Dataset extract:

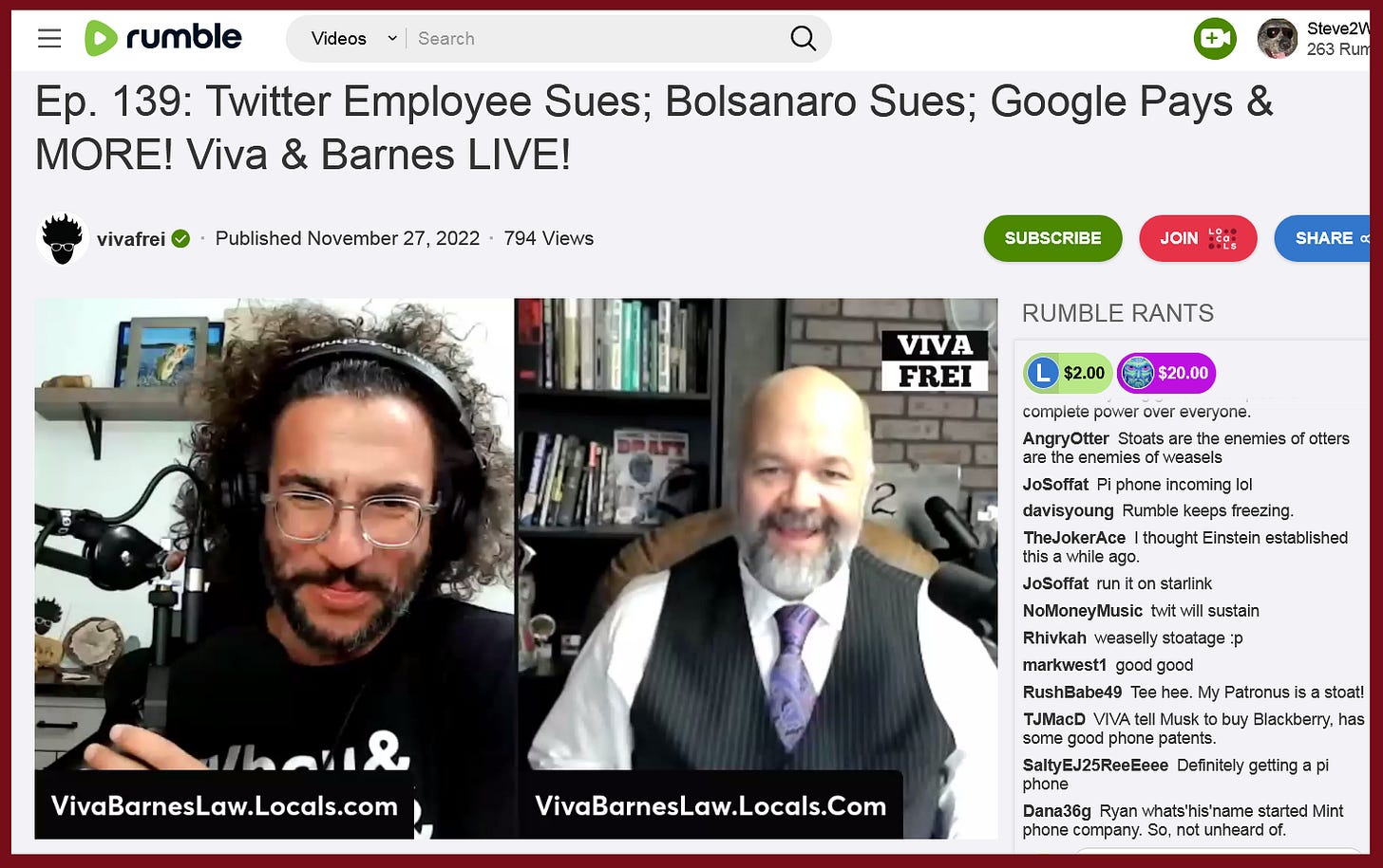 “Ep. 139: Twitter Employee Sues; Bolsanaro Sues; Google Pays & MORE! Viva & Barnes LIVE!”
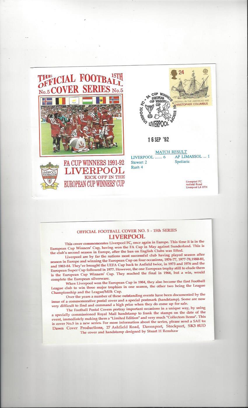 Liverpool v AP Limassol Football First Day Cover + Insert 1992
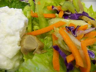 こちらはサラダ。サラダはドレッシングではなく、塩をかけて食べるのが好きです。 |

Exercise description:
Pictures are to be omitted. The lines from the line holding "Liverpool v AP" through the closing line of the data above are to be set down exactly, and nothing more.

Response box:
 Liverpool v AP Limassol Football First Day Cover + Insert 1992
 こちらはサラダ。サラダはドレッシングではなく、塩をかけて食べるのが好きです。 |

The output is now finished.